The tests were carried out on one of our clusters with our current hardware (at the time of the test), such as Intel Xeon Gold 6254. For the test environment, we chose 4 CPU cores to represent the computing power of one of our average clusters. We set the RAM height to the very high value of 32 GB so that all cache files could be stored in the Linux file system cache. In most cases, this is possible with much less RAM.
|CPU||Intel Xeon Gold 6254 @ 3.10GHz (4 enabled CPU cores)|
|SSD||Samsung SSD PM1725b 3.2TB, PCIe 3.0 x8 NVMe SSD|
|RAM||32 GB DDR4 2933 MHz|
Benchmark: Application caches under Magento 1
Since Magento 1 has a complex cache system, we decided to run the benchmark under Magento 1 as an example. This allows us to demonstrate the effects of cache backends on complex data structures. The benchmark for application caches was carried out under the (at the time of the test) current version Magento 184.108.40.206.
Shopware and Magento online shops shop the data in the data memory (NVMe SSDs in our case) by default. Redis, on the other hand, stores the data in the main memory. In order for Redis to be supported by Magento 1, certain plugins must be installed. Magento 2 and Shopware already support Redis natively.
Colin Mollenhour's benchmarks from 2012 served as the starting point for our test. We replicated this test on our hardware and the current Magento 1 shop system and tested various backends.
Backends for the benchmark
The backend Zend_Cache_Backend_File is used with Magento 1 if no other special backend is used via the lokal.xml or a module. A special configuration is not necessary here.
For our tests, we ran the benchmark on the fast NVMe SSDs we used.
This is a module by Collin Mollenhour, which allows the Magento 1 cache to be stored in Redis. For Magento 2, an implementation on the same code basis is already integrated in the shop system. Shopware also allows the cache to be stored in Redis without further modules.
memcached (Zend_Cache_Backend_TwoLevels) + Zend_Cache_Backend_File
Magento 1 allows the cache to be split into two parts according to fast and slow backend. This allows a part of the cache to be placed in a fast backend that does not support tags. The remaining part of the cache, which needs the tags, is placed in another, slower backend. Without additional modules, it is possible to use the key-value database memcached as a fast backend for this case. For this test, we used memcached as the fast backend and the file system as the slow backend.
memcached (Zend_Cache_Backend_TwoLevels) + Cm_Cache_Backend_Redis
As a fourth variant, we tested how memcached and Redis behave in combination. We have therefore activated the TwoLevels backend again, but entered Redis as the slow cache for this case.
After configuring the cache benchmark, elements were then created for the benchmark:
php -f shell/cache-benchmark.php --keys 200000
The actual benchmark was then carried out and evaluated.
We use a cache size of 200,000 keys in the test, which in our experience corresponds to an average Magento shop.
A write operation stores a single item in the cache, a read operation reads it. A delete operation removes all elements from the cache that are provided with a specific cacheIn contrast to the other backends, the support of complex data structures in Redis makes it possible to find elements via tags. For this purpose, the cache backend creates a set for each tag in which all associated keys are saved. In addition, there is a set that contains all tags. In this way, it is extremely efficient to remove all keys belonging to a tag. This method is not available for file system-based backends or memcached, so the number of deletion operations is much lower for these backends (see diagram 1). Due to the inefficient structure of the standard Magento application cache (default setting), the throughput of delete operations is extremely low.
In contrast to the other backends, the support of complex data structures in Redis makes it possible to find elements via tags. For this purpose, the cache backend creates a set for each tag in which all associated keys are saved. In addition, there is a set that contains all tags. In this way, it is extremely efficient to remove all keys belonging to a tag. This method is not available for file system-based backends or memcached, so the number of deletion operations is much lower for these backends (see diagram 1). Due to the inefficient structure of the standard Magento application cache (default setting), the throughput of delete operations is extremely low.

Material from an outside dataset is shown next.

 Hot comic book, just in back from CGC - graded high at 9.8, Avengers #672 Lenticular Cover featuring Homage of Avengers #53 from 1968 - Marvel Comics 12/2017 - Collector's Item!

This has an effect on the speed. The Cm_Cache_BackendRedis module achieves a much higher speed than the other backends, as delete operations can be carried out quickly via any tags due to the structured data. With file system-based caches, on the other hand, it is much more cumbersome to remove all elements of the cache that have a specific tag, as the corresponding files cannot be found directly via a tag.

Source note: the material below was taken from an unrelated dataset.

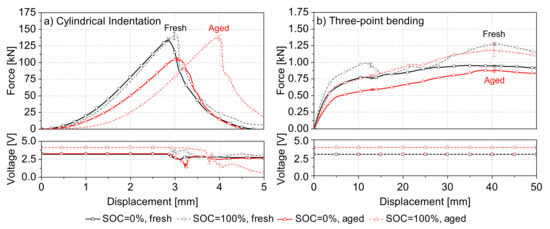 After analyzing the test results on cell component level, the test results of the whole lithium-ion pouch cells are presented. Figure 6 visualizes the fresh and aged cells’ force–displacement curves for (a) cylindrical indentation and (b) three-point bending at 0% SOC and 100% SOC. The voltage vs. displacement is also illustrated to show the point of occurring ISC based on a voltage drop. Through analyzing the test results in Figure 6a, a simultaneous force and voltage drop under cylindrical indentation can be noticed, which indicates a direct correlation between mechanical cell failure and occurring ISC. This correlation was already described in different studies [52,53]. Furthermore, a high influence of electrical aging on the mechanical properties at cell level can be mentioned. Considering the test results of the anode material under compression in Section 3.1, a similar influence on the mechanical properties by electrical aging can be noticed. The aged cells show a softer mechanical response indicated by a right-shifted force–displacement curve, which was also noticed in the work of Kovachev et al. [32] for pouch cells. In addition, the mechanical behavior of aged cells shows a higher dependence on the investigated SOC levels compared to fresh cells. While fresh cells have a different maximum force of up to 4% depending on their SOC, the aged cells at 0% SOC show a lower maximum force of about 30% compared to the fully charged condition. That also represents a 29% lower force compared to fresh cells for 0% SOC, which is a different behavior compared to the literature [32,33]. In both studies, a higher failure force for aged cells was observed at 0% SOC. Furthermore, the spread of failure displacement for fresh cells in contrast to aged cells dependent on their SOC is very low. Another aspect which has to be taken into account is the different voltage drop after occurring ISC between fresh and aged cells. For both SOC conditions, aged cells show a stronger voltage drop after cell failure.

Diagram 2 shows the number of read operations. It is highest for file system-based cache backends. This is due to the very efficient file system management of Linux, which automatically keeps files in the main memory if free memory is available. In our test environment, we have provided a very high working memory of 32 GB so that there is always enough memory available for our test. This allows files to be read extremely efficiently. In a real situation with limited RAM, this is not always the case. In such a case, Redis offers the advantage of ensuring that the application cache is in RAM at all times.
Diagram 3 shows the number of write operations per second. The differences between the individual backends are smallest in this throughput test. However, Redis offers the advantage of storing data quickly in RAM due to its simple data structures.
Conclusion: Is Redis the best option as an application cache?
At first glance, it is obvious that Redis is more inperformant in the area of read operations due to the lower throughput. However, Redis has a higher throughput in the area of write operations and a significantly higher throughput in the area of delete operations.
The great advantage of Redis becomes apparent when comparing the number of operations per second among each other. The relevance of the individual operation types must be taken into account. The relevance of delete operations is much higher than that of the other operations. This is because ultimately, every time a product is purchased in the online shop, elements from the cache lose their validity and must therefore be deleted. Subsequently, the previously deleted cache elements have to be rewritten, i.e. write operations. Here, too, Redis shows a higher performance. The throughput of write operations is higher with the Redis backend than with the other backends.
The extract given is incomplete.